Fears over the COVID-19 pandemic and plummeting oil prices have caused mortgage rates to plummet to multi-year lows over the past couple of weeks.
But now some lenders are actually starting to raise rates.
Fixed rates on certain terms have been creeping back up, while some of the big banks have been quietly cutting their discounts on prime rate (which affects floating rates).
Scotiabank, for example, raised its published 5-year closed variable rate 60 percentage points on Saturday, from 3.45% to 4.05%.
A host of other lenders have also been slashing their discounts from prime by anywhere from 20 up to 75 basis points. At one lender, for example, a new borrower could have obtained a high-ratio 5-year variable mortgage at Prime – 1.00%, or 2.45%. Today, that same rate is now Prime – 0.25%, or 3.20%.
So what’s going on?
Fear has saturated the market to the extent that lenders are now concerned about liquidity and rising defaults, according to observers.
“I think if you’re a bank, you’re scared of losses right now,” Shawn Stillman, founder of mortgageoutlet.ca, told CMT.
“The banks are in this to make money, and if they don’t think that they’re going to be able to make money because all of a sudden their default rate is going to go up, then they’re going to protect themselves by raising rates.”
In addition to the potential for an increase in default rates, Stillman says that with more people facing temporary layoffs due to the coronavirus, more people will start drawing on their available credit.
“If you’re a business and you have a line of credit, you’re drawing on that line of credit. If you have credit cards, you’re maxing out those credit cards. You are using your ability to borrow more money and it becomes a shock to the system,” Stillman said. Essentially the banks could face a growing run on available credit facilities, which could challenge their ability to finance all of that credit.
That’s one of the reasons why the Office of the Superintendent of Financial Institutions (OSFI) announced on Friday that it was lowering the capital requirements for banks, which would free up an additional $300 billion of lending capacity.

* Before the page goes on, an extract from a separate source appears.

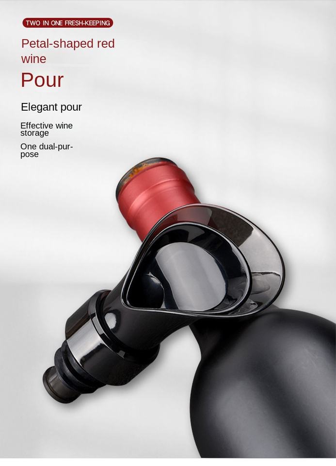 จุกปิดขวดไวน์พลาสติกอเนกประสงค์รูปกลีบดอกไม้ สำหรับเก็บไวน์และรินไวน์ 2-in-1 ขายส่ง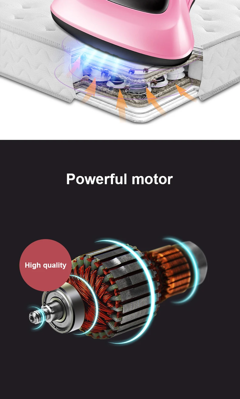 Ультрафиолетовый стерилизатор бытовой лист для удаления клещей пылесос В этой машине используется большой двигатель с большим всасыванием Машина использует 4 метра провода, что достаточно для использования в помещении. Конструкция нижнего ролика эффективно поглощает мусор и более удобна в использовании. HEPA фильтр, фильтр диаметра 0,3 мм, может отфильтровать пылевых клещей и аллергенов, снимается и стирается

Despite the Bank of Canada’s emergency rate cut on Friday, markets are still pricing in an additional 50-bps cut when the Bank meets next month. That will bring Canada’s overnight lending rate down to 0.25%.
Knowing this, banks are starting to increase the discounts from prime so that the economics of funding variable-rate mortgages continues to make sense.
“We’ve seen these shock-and-awe rate moves before,” wrote Rob McLister, founder of RateSpy.com. “On October 6, 2008, in the midst of the credit crisis, TD shocked the market with a massive 100-bps rate increase to prime + 1.00%. It applied to new variable and HELOC customers. TD rates were below prime just days before.”